## AIM OF THE EXERCISE
The output should be the listing below, limited to the lines from the one with "为材料企业提供产品研发;为设" through the one with "The Master M", exact and without pictures.

## EXERCISE MATERIAL
-=-=-=-=-

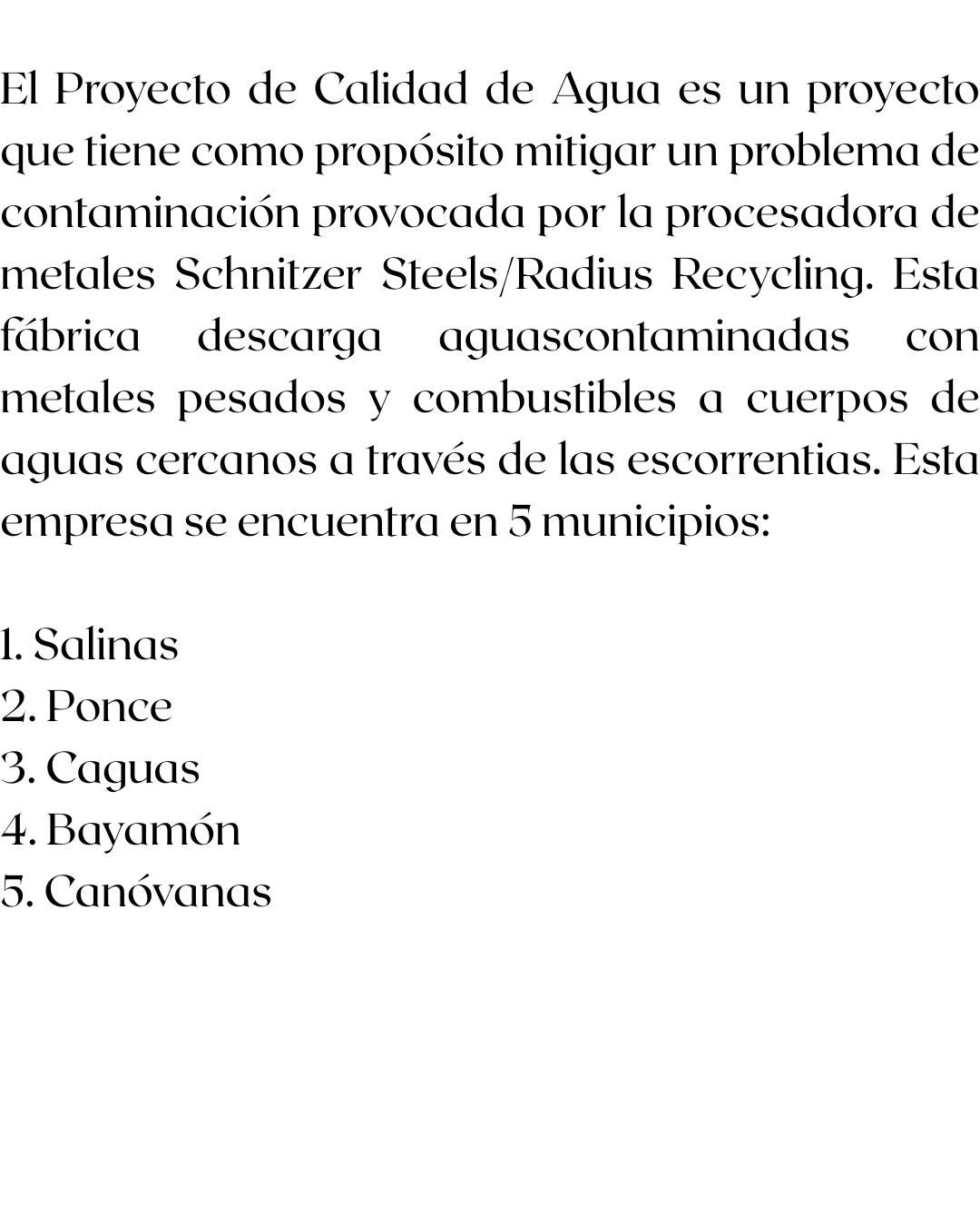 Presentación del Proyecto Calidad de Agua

-=-=-=-=-

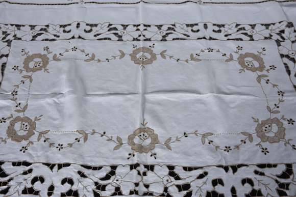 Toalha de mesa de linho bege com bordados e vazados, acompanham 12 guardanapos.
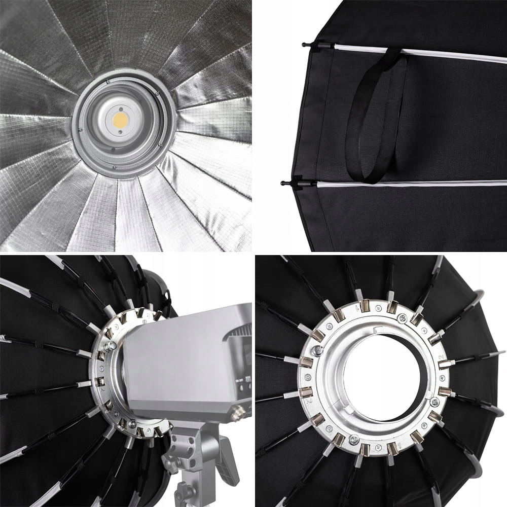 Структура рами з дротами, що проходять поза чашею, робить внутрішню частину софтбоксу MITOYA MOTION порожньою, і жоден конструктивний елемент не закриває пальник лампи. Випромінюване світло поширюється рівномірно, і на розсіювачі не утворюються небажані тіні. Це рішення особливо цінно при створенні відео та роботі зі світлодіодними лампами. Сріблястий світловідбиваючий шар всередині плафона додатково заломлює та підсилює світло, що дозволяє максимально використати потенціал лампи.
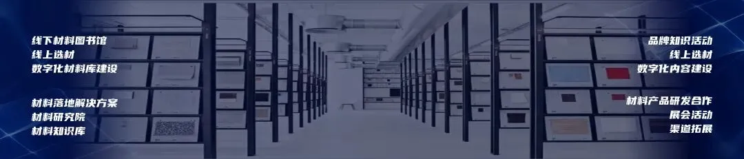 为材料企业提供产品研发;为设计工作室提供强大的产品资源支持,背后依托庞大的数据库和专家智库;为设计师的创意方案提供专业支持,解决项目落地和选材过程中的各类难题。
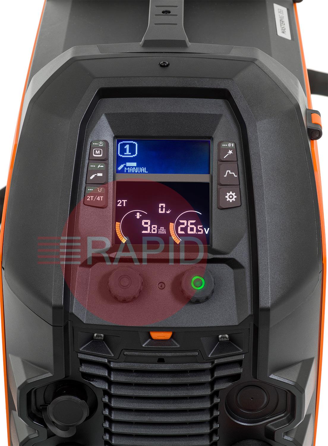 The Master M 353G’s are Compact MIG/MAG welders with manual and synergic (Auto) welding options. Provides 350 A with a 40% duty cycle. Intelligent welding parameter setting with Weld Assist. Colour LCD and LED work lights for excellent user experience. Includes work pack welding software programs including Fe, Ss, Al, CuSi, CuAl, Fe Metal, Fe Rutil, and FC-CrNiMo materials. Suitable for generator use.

-=-=-=-=-

## RESPONSE AREA
 为材料企业提供产品研发;为设计工作室提供强大的产品资源支持,背后依托庞大的数据库和专家智库;为设计师的创意方案提供专业支持,解决项目落地和选材过程中的各类难题。
 The Master M 353G’s are Compact MIG/MAG welders with manual and synergic (Auto) welding options. Provides 350 A with a 40% duty cycle. Intelligent welding parameter setting with Weld Assist. Colour LCD and LED work lights for excellent user experience. Includes work pack welding software programs including Fe, Ss, Al, CuSi, CuAl, Fe Metal, Fe Rutil, and FC-CrNiMo materials. Suitable for generator use.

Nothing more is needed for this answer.